Performance of F5-TTS-DPS on WildSpoof2026 development set:

| Metric | Value | Description |
|--------|-------|-------------|
| UTMOS | 3.20 | Speech naturalness score (higher means more natural) |
| Speaker Similarity | 0.51 | Similarity between synthetic speech and target speaker |
| WER | Competitive level | Word Error Rate, reflecting pronunciation accuracy |

a-DCF scores on three advanced SASV detection systems (lower means harder to detect):

| Detection System | a-DCF Score | Rank |
|------------------|-------------|------|
| System 1 | 0.1582 | 1st |
| System 2 | 0.5233 | 1st |
| System 3 | 0.2562 | 1st |

## Technical Insights: Balance Between Naturalness and Deceptiveness and Application Significance

Research reveals that the boundary between naturalness and deceptiveness is blurred.
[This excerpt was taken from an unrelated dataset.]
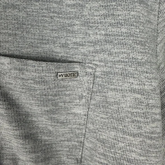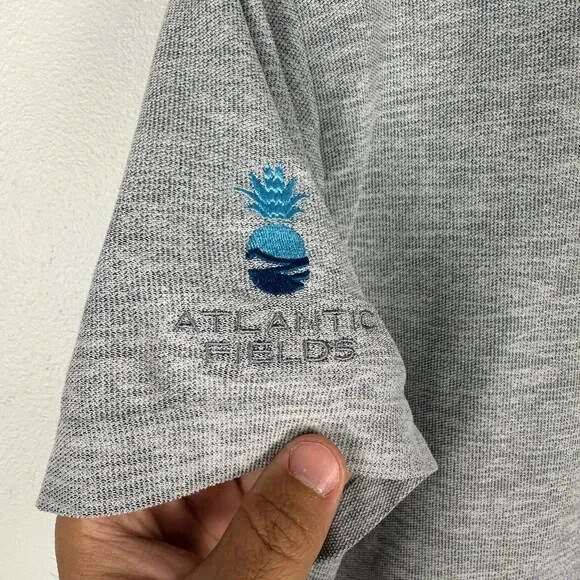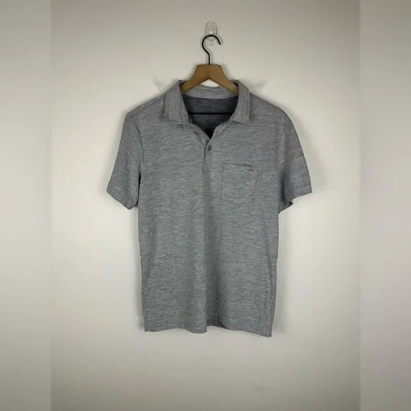 Sz S Embroidered in one sf the sleeves Vuori Men's Ace Polo Shirt is a performance stretch polo designed for athletes and active individuals. It features a collared neckline with a button closure, short sleeves, and an athletic fit. The shirt is made of a lightweight and easy-care polyester knit fabric with moisture-wicking properties, making it suitable for winter, summer, fall, or spring.

The traditional view holds that high naturalness is easy to detect, but F5-TTS-DPS achieves a balance between the two through designed training strategies. Key technologies: EMA-stabilized training, dual-score data filtering. Application significance:
1. Positive aspects: Provides new ideas for high-quality personalized speech synthesis (voice assistants, audiobooks, etc.);
2. Security challenges: Existing detection systems need to accelerate upgrades to deal with new-generation TTS threats.

## Conclusion & Outlook: Technical Game Drives Domain Progress

The excellent performance of F5-TTS-DPS in WildSpoof2026 marks that TTS technology has entered a new stage. More technological innovations will emerge in the future, and the speech security field needs to continuously evolve to deal with the threat of realistic synthetic speech. The technical game drives the common progress of both sides.